I have been checking the recommendations in the GTC talk: https://developer.download.nvidia.com/video/gputechconf/gtc/2019/presentation/s9768-new-features-in-optix-6.pdf

It suggests to minimize payload size. I am simulating electromagnetic propagation, so I use relatively large payloads (around 100 bytes) that may get larger in the future. I do not use recursive tracing, just iterative tracing, so I was wondering whether I get some benefit by replacing the ray payload with a dummy small payload and use a buffer for storing and updating the real payloads on closest hits.

I have tested it, tracing around 6.5 million rays per launch on a small scene (a few small meshes) and I do not get any conclusive results regarding performance, just a slight decrease.

So this is the question, is it advisable to replace large ray payloads with buffers in some cases?

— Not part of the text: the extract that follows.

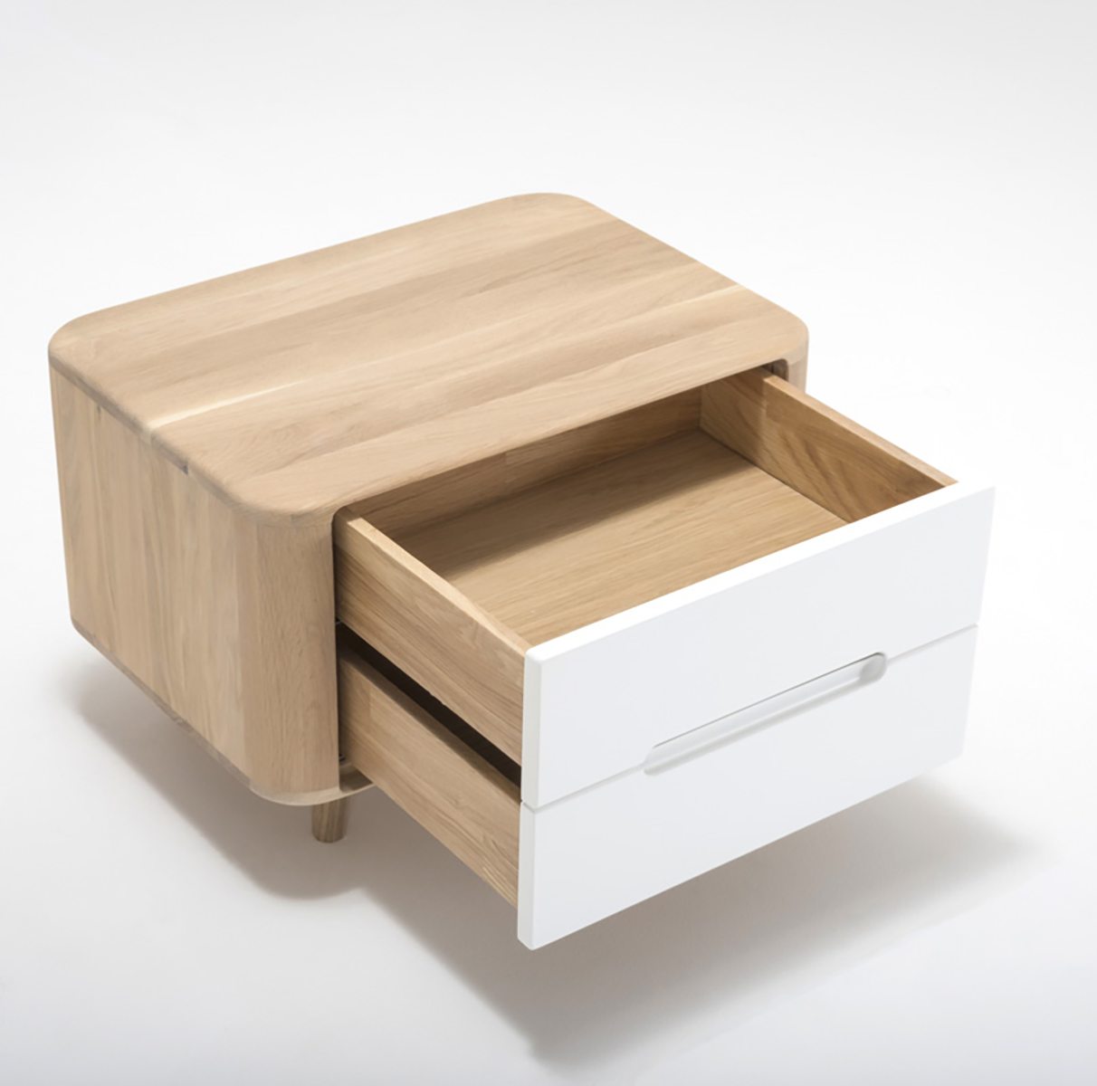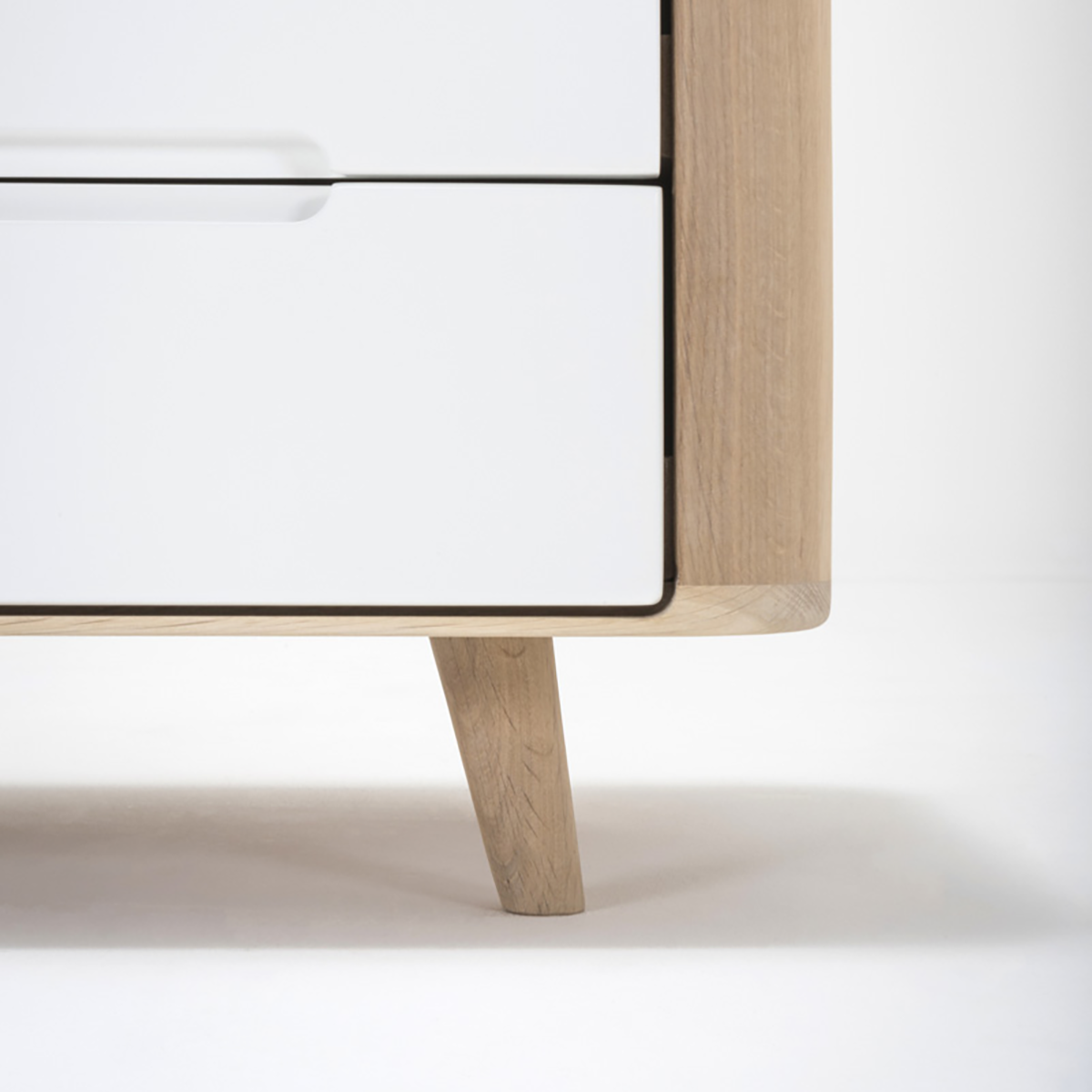 De Gazzda Ena Nightstand One is een retro nachtkastje die een karakteristieke sfeer meegeeft in elke slaapkamer. De combinatie van het eikenhout met de witte lades, geeft het nachtkastje een retro jaren ’50 look. De Ena Nightstand One is een massief eikenhouten nachtkastje met twee lades. Deze twee lades geven genoeg ruimte aan alle spullen die je voor het slapen gaan en bij het wakker worden nodig hebt. De twee witte lades hebben het soft-close systeem. Dit zorgt ervoor dat de lades geleidelijk sluiten. Ook zorgt dit ervoor dat de lades geruisloos sluiten - handig voor in de slaapkamer! Voordelen

I wouldn’t call 100 bytes a big payload, but you can always minimize the rtPayload variable size to a single 64-bit pointer by defining your payload as a local struct inside the ray generation program and use the pointer to that structure as your only rtPayload variable member.
That incurs an indirection, but it’s the smallest you can get for arbitrary payload sizes.

Make sure to put all structure members onto their native alignment locations to avoid illegal access errors or at least to minimize padding added by the compiler.
I normally order them by alignment size, for example from top to bottom: type (alignment in bytes):
float4 (16) > float2, pointers (8) > float3,float, (4) > short (2) > char (1).
Similarly insert the other data types. See Table 3. Alignment Requirements here:
[url]https://docs.nvidia.com/cuda/cuda-c-programming-guide/index.html#vector-types__alignment-requirements-in-device-code[/url]

I would not use buffers for that, that would require input_output buffers and you would need to code explicitly for multi-GPU configurations to avoid going over the PCI-E bus to pinned memory for each access, and the amount of required memory is also going to be huge depending on the launch size.